Information supplied below:
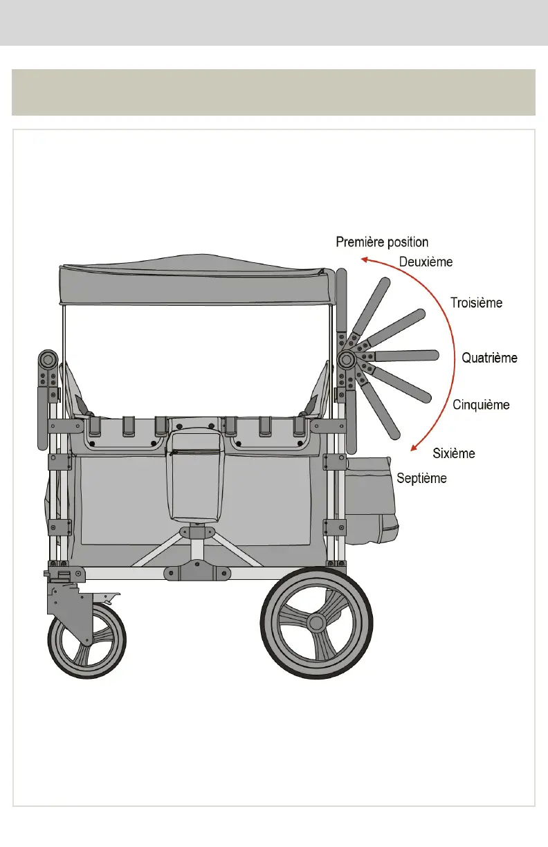 le bouton de réglage à l’intérieur du montant de la poignée de chaque côté avec votre pousse, et puis
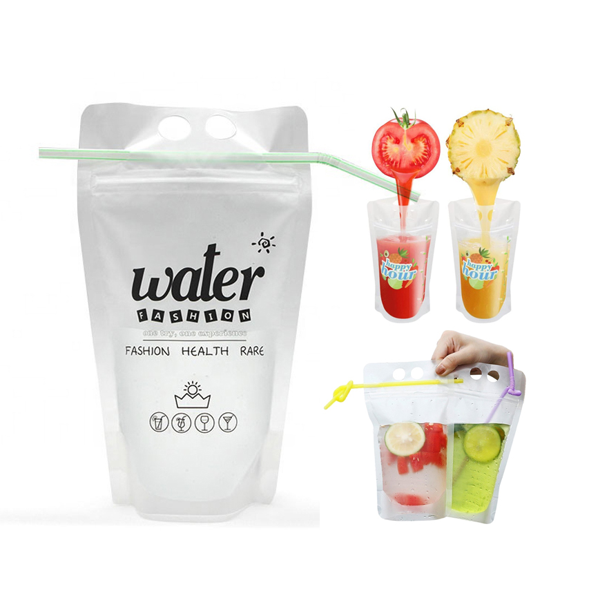 Our drink bag is made from food grade material which made of non-toxic, two big holes and two small holes design. Small holes can better set up straw when not use, big holes are convenient to carry. The reclosable zip ensures easy opening and no leaking accidents, come with straw. , convenient and reusable. Great for drinks, nuts, sugar containment, coffee, biscuits and so on. price based on volume is 500ML/16OZ. drink bags are more novel for caterer and party planner which will make something different for your party and family gathering.Welcome your logo printed on it .
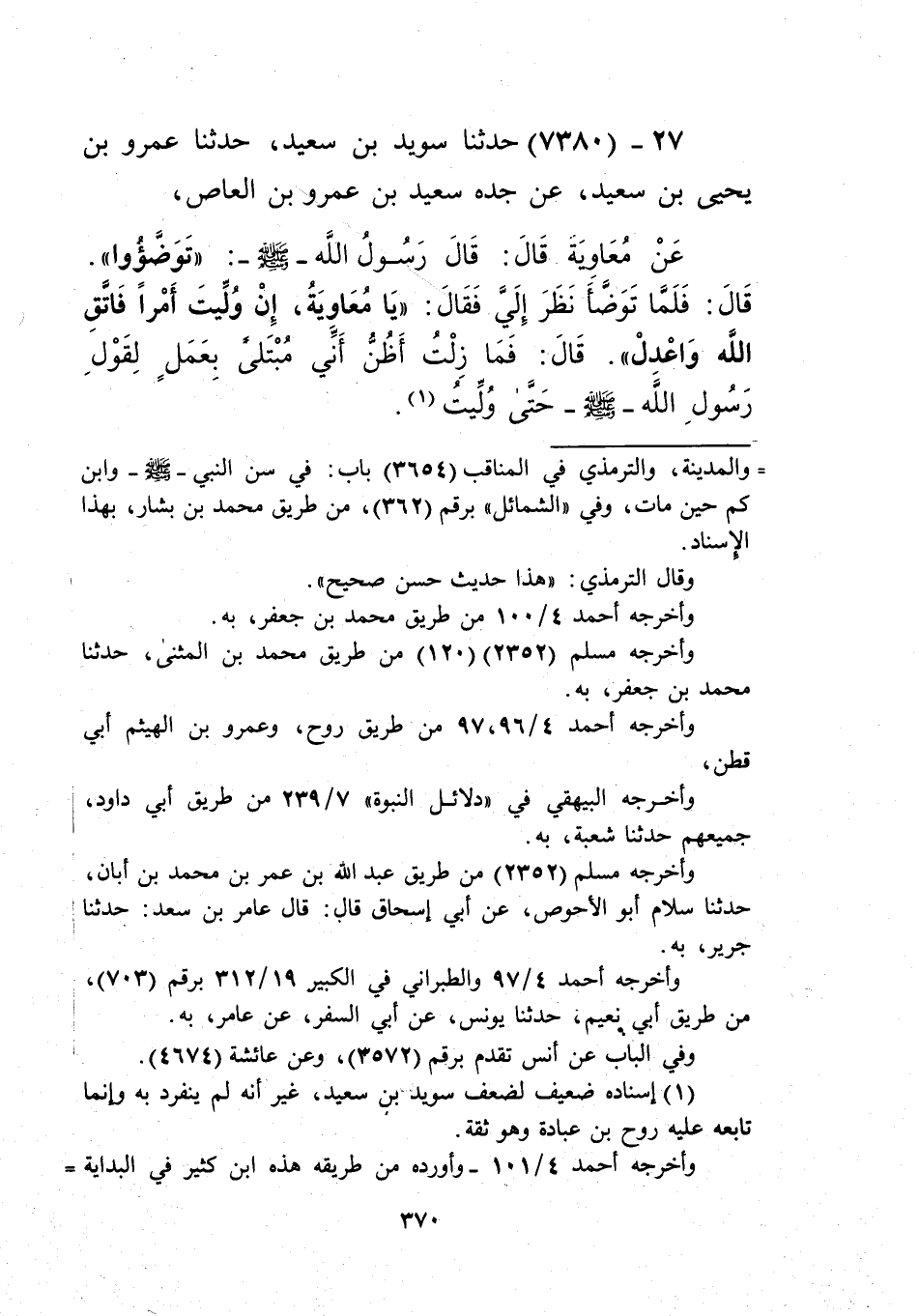 7380 - حَدَّثَنَا سُوَيْدُ بْنُ سَعِيدٍ، حَدَّثَنَا عَمْرُو بْنُ يَحْيَى بْنِ سَعِيدٍ، عَنْ جَدِّهِ سَعِيدِ بْنِ عَمْرِو بْنِ الْعَاصِ، عَنْ مُعَاوِيَةَ قَالَ: قَالَ رَسُولُ اللَّهِ صَلَّى اللهُ عَلَيْهِ وَسَلَّمَ: «تَوَضَّئُوا»، قَالَ: فَلَمَّا تَوَضَّأَ نَظَرَ إِلَيَّ , فَقَالَ: «§يَا مُعَاوِيَةُ، إِنْ وُلِّيتَ أَمْرًا فَاتَّقِ اللَّهَ , وَاعْدِلْ»، قَالَ: فَمَا زِلْتُ أَظُنُّ أَنِّي مُبْتَلًى بِعَمَلٍ لِقَوْلِ رَسُولِ اللَّهِ صَلَّى اللهُ عَلَيْهِ وَسَلَّمَ حَتَّى وُلِّيتُKإسناده ضعيف
End of Information supplied.
* **Task instructions**
Reproduce every line above word for word; no images.

* **Solution**
 le bouton de réglage à l’intérieur du montant de la poignée de chaque côté avec votre pousse, et puis
 Our drink bag is made from food grade material which made of non-toxic, two big holes and two small holes design. Small holes can better set up straw when not use, big holes are convenient to carry. The reclosable zip ensures easy opening and no leaking accidents, come with straw. , convenient and reusable. Great for drinks, nuts, sugar containment, coffee, biscuits and so on. price based on volume is 500ML/16OZ. drink bags are more novel for caterer and party planner which will make something different for your party and family gathering.Welcome your logo printed on it .
 7380 - حَدَّثَنَا سُوَيْدُ بْنُ سَعِيدٍ، حَدَّثَنَا عَمْرُو بْنُ يَحْيَى بْنِ سَعِيدٍ، عَنْ جَدِّهِ سَعِيدِ بْنِ عَمْرِو بْنِ الْعَاصِ، عَنْ مُعَاوِيَةَ قَالَ: قَالَ رَسُولُ اللَّهِ صَلَّى اللهُ عَلَيْهِ وَسَلَّمَ: «تَوَضَّئُوا»، قَالَ: فَلَمَّا تَوَضَّأَ نَظَرَ إِلَيَّ , فَقَالَ: «§يَا مُعَاوِيَةُ، إِنْ وُلِّيتَ أَمْرًا فَاتَّقِ اللَّهَ , وَاعْدِلْ»، قَالَ: فَمَا زِلْتُ أَظُنُّ أَنِّي مُبْتَلًى بِعَمَلٍ لِقَوْلِ رَسُولِ اللَّهِ صَلَّى اللهُ عَلَيْهِ وَسَلَّمَ حَتَّى وُلِّيتُKإسناده ضعيف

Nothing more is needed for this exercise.